En la ficción el público siempre es un ingenuo, crédulo ante las mentiras que observa. El cine es un relator de mentiras, a veces para contar la verdad, a veces para refugiarnos de ella. Acercarnos o no al artificio del arte dependerá de lo satisfechos que estemos con el mismo, pero poner de manifiesto el autoengaño al que gustosamente nos queremos someter nos permite darnos cuenta de la necesidad de evadirnos hacia aquellos embustes que nos ayudan a sobrevivir a la realidad.
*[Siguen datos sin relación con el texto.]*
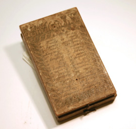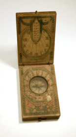 Vikbart solur av trä. Ovansida och insida klätt med papper. Kompass med kompassros infälld i bottenplattan. Insidan klädd med papper med koppartryckt dekor som handkolorerats.

Hirokazu Kore-eda desarrolla La verdad en su similitud con esa gran mentira que es el cine: durante el rodaje de la película dentro de la película – una ilusión que viene de la pintura (el cuadro dentro del cuadro) – verdad y mentira, sinceridad y autoengaño, se disfrazan de su opuesto para funcionar.
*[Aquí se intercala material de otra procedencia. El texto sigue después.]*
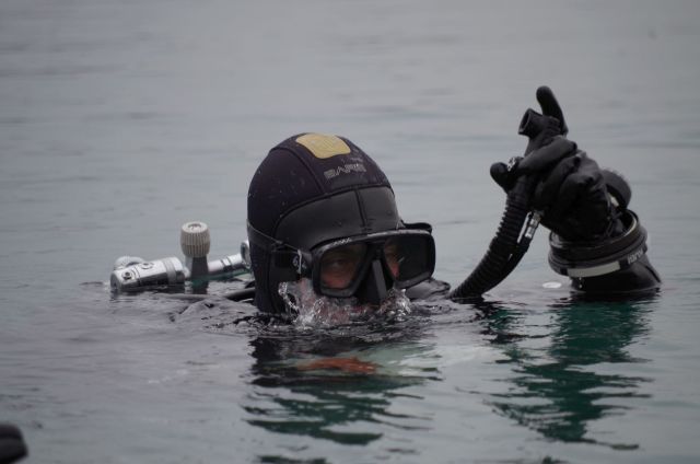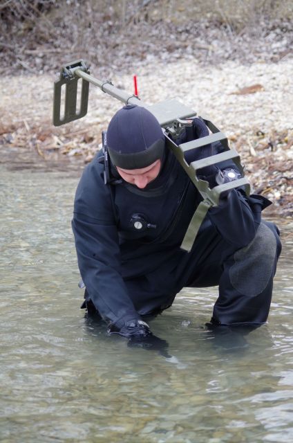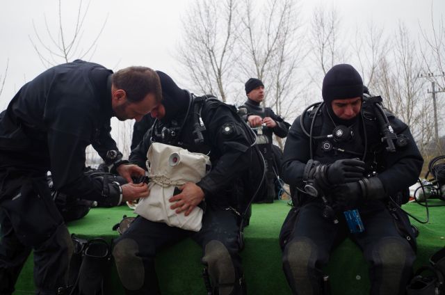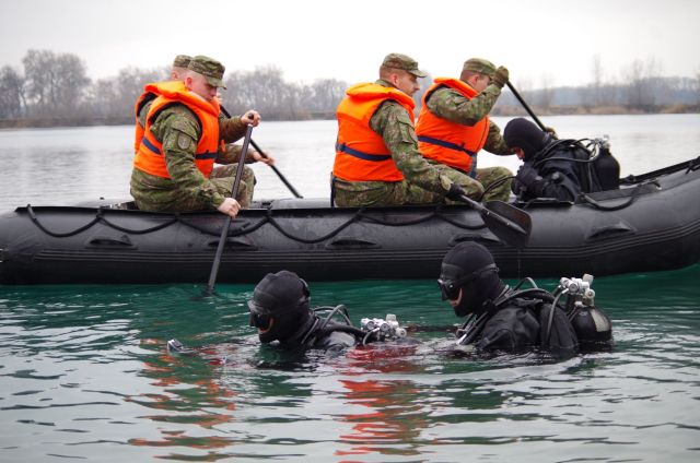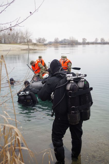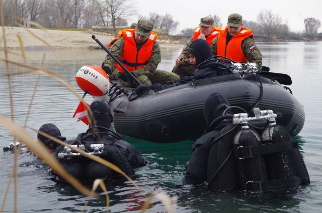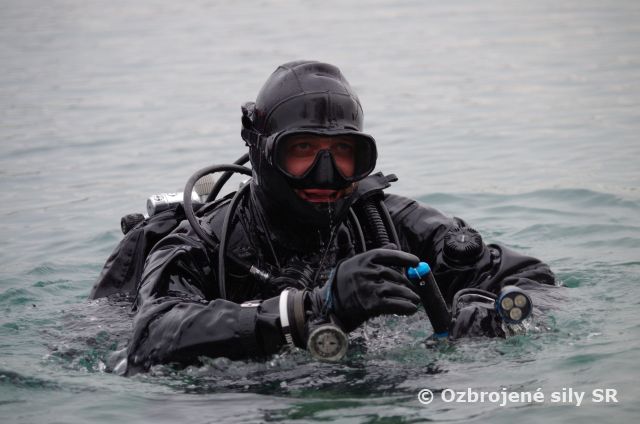Najväčšia potápačská jednotka našich ozbrojených síl zo seredského ženijného práporu v tomto týždni zavŕšila sériu praktického výcviku v zimných podmienkach pod vodou. V priestoroch bagroviska Čierna Voda, kde sa môžu ponárať až do hĺbky vyše 37 metrov plnilo úlohy ženijné potápačsko-prieskumné družstvo. Riadiaci zamestnania, veliaci poddôstojník ženijno-prieskumnej čaty a inštruktor vojenského potápania OS SR rotmajster Michal Ščepko objasňuje, že úlohou potápačov je vyhľadávanie, vyzdvihnutie a odsun utopenej techniky.

La familia más allá de los lazos de sangre es la gran verdad con la que Kore-eda busca convencernos a cada película. Tras Un asunto de familia, sin embargo, vuelve al núcleo familiar más convencional, aunque tengan sus más y sus menos. Me haría gracia suponer que es otro enfoque de afrontar su lucha, es decir, mostrando los defectos de la familia de sangre en vez de las virtudes de la familia adoptada. Lo dudo, también os digo. Hay un poco de Tennesse Williams en La verdad, en esa idea de la apariencia como parapeto frente al exterior. Es algo que incluso vemos en la propia casa, una villa esplendorosa al lado de una prisión. En ese intento de aunar arte y vida Kore-eda vuelve a jugar con su aparente realismo, uno entrañable pero alterado por la propia visión. Este no es un autor que deje la ventana abierta a una realidad con el mínimo tamiz posible, pero en esta ocasión el japonés se apega a esta decisión como si le fuese la vida en ello. En La verdad, no hay más verdad que la de la lección que se nos quiere dar. Hay naturalidad en lo que vemos, sí, es el factor clave que hace del cineasta japonés un referente, pero es una naturalidad alterada por la amabilidad que le caracteriza.
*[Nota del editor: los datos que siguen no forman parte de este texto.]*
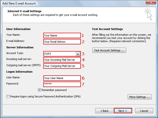 - در قسمت User Name نام کاربری Account برای ورود به Mail Server را وارد کنید.

A pesar de que el director de De tal padre, tal hijo nos ofrezca una realidad sesgada, nos deja espacio suficiente para sacar conclusiones. Ante todo, nos pone en una tesitura, una que se repite en el tiempo (de abuela a madre y de madre a hija) y en la ficción de la película. Después nos deja a nuestro antojo en ese complejo juego de realidades mientras desarrolla la relación entre Fabianne (Catherine Deneuve) y Lumir (Juliette Binoche). No obstante, dicho juego no es sino un lienzo sobre el que la historia se soporta: una vez visto no hay desarrollo. Es por ello que La verdad resulta redundante a la larga, cual chicle sin sabor. Hirokazu Kore-eda adapta muy bien su retrato a una idiosincrasia a la que no está acostumbrado – no en vano los valores familiares de Japón dista de la falsedad que pueda haber en el hogar de una actriz francesa en decadencia -. Eso otorga a esta obra un valor especial que, junto a su particular visión amable, convierte a esta mentira en una grata verdad a creer.